First, as has been argued, the automatic classification of multidimensional sequences is not a tool for examining the degree of association between dimensions. However, the question of the association between dimensions is a central one, and there are already some ideas for research in that direction. Elzinga (this volume, pp. 45–51) suggests using distance matrices of the various dimensions, analyzing their association from Mantel, Kendall, or Rv coefficients and another coefficient based on the notion of “local monotonicity” (see also Piccarreta and Elzinga 2013). Studer (this volume, pp. 81–88) mentions Cramer’s V and standardized Pearson residuals (to analyze the contingency table of typologies for each dimension), discrepancy analysis (see also Studer et al. 2011), and “sequences of typical states” based on implicative statistics (see also Studer 2012). Taken together, these techniques already provide a copious toolbox, which we should use and test more widely.

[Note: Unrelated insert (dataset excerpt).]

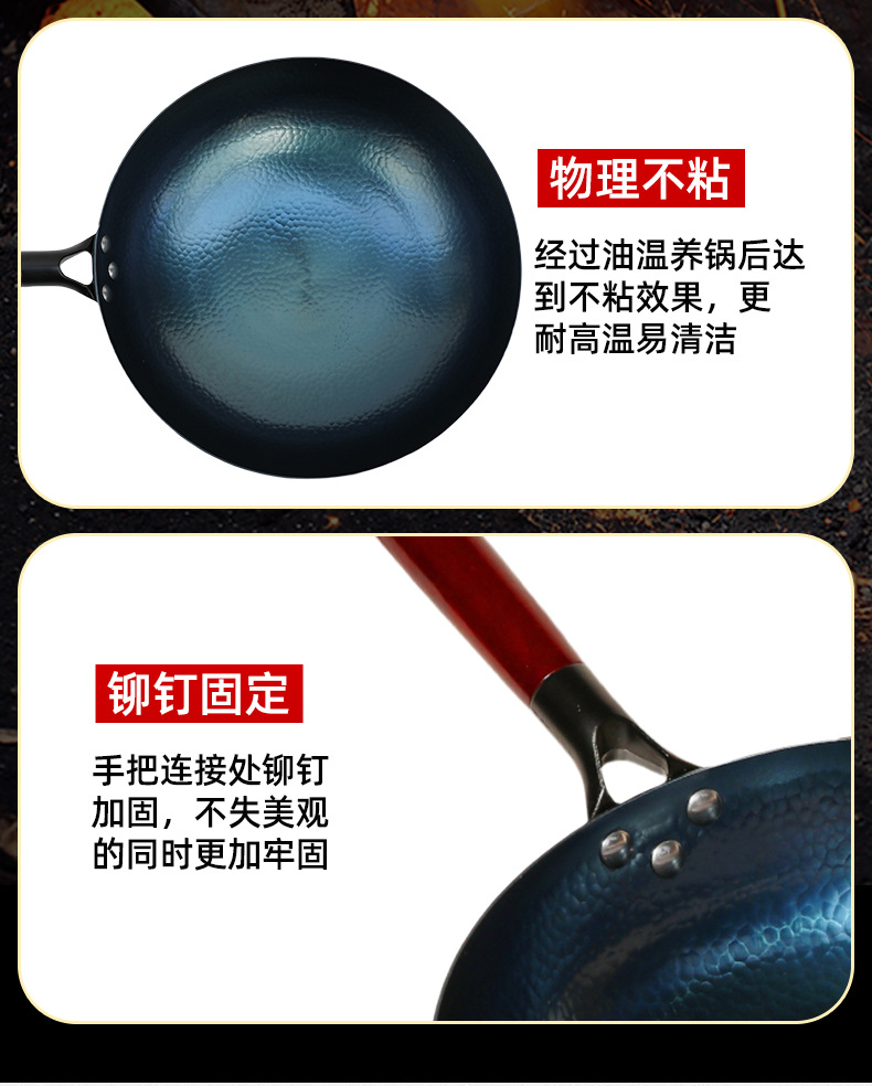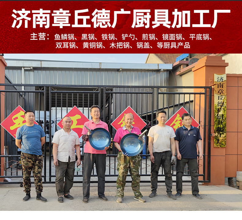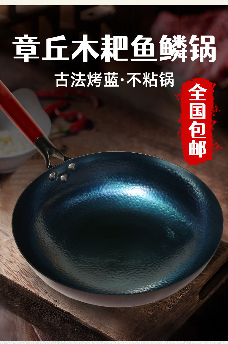 Zhangqiu 코팅되지 않은 철 냄비 나무 갈퀴 물고기 규모 냄비 철 냄비 손으로 단조 구식 가정용 물고기 규모 패턴 요리 붙지 않는 냄비

Nearly 30 years after OM analysis was introduced into the social sciences, the question of comparing metrics remains open. A number of studies of systematic comparison have shown that many existing metrics gave closely similar results, although some metrics do stand out (Robette and Bry 2012; Studer and Ritschard 2014). Indeed, the recent subsequence vector representation metrics seem particularly effective when focusing on the order of elements within sequences (Elzinga and Studer 2015; Elzinga and Wang 2013). We should bear in mind that the choice of metric, although it certainly does not fundamentally alter the results, is no trivial matter, and it may be instructive to test a number of metrics on one set of data before proceeding with analyses. 11
Piccarreta’s point is also important: “Can sequences be so easily substituted by the MDS scores?” (this volume, p. 80). Abbott and De Viney (1992) appear to say yes in their article on policy adoption sequences (see also Halpin and Chan 1998). MDS applied to the matrix of distances between national sequences enables them to identify two main structuring factors, interpreted as the timing of pension program adoption and the timing of health insurance adoption. These two factors are then analyzed separately as dependent variables. However, MDS provides only a Euclidean approximation of a dissimilarity that is not necessarily Euclidean. Any Euclidean metric is perfectly rendered by the full set of MDS components, 12 whereas a non-Euclidean metric is rendered only approximately. So the question is, what information is lost by substituting MDS components for the distance matrix originally chosen; that is, what is the “non-Euclidean share” of this distance? Thorough research would be needed into ways of finding the Euclidean within the non-Euclidean. The use of MDS for sequence analysis probably deserves wider investigation (Piccarreta and Lior 2010) before we adopt it as a matter of routine.
Finally, one last prospect for research is the connection between the local and global (here in Fasang’s sense), that is, event and sequence. As Fan and Moen point out in their comment, one might, for example, ask “how a given transition in one person’s life is tied to temporal patterns in another’s.” The path toward combining the standard tools of event-history analysis and those of sequence analysis appears at first blush to be a stony one in both technical and epistemological terms, but it may not be totally impassable. Studer’s (2012) “sequences of typical states” may well supply another line of enquiry. Let us bet that this is the direction that will be taken by the most stimulating innovations in sequence analysis in the years ahead.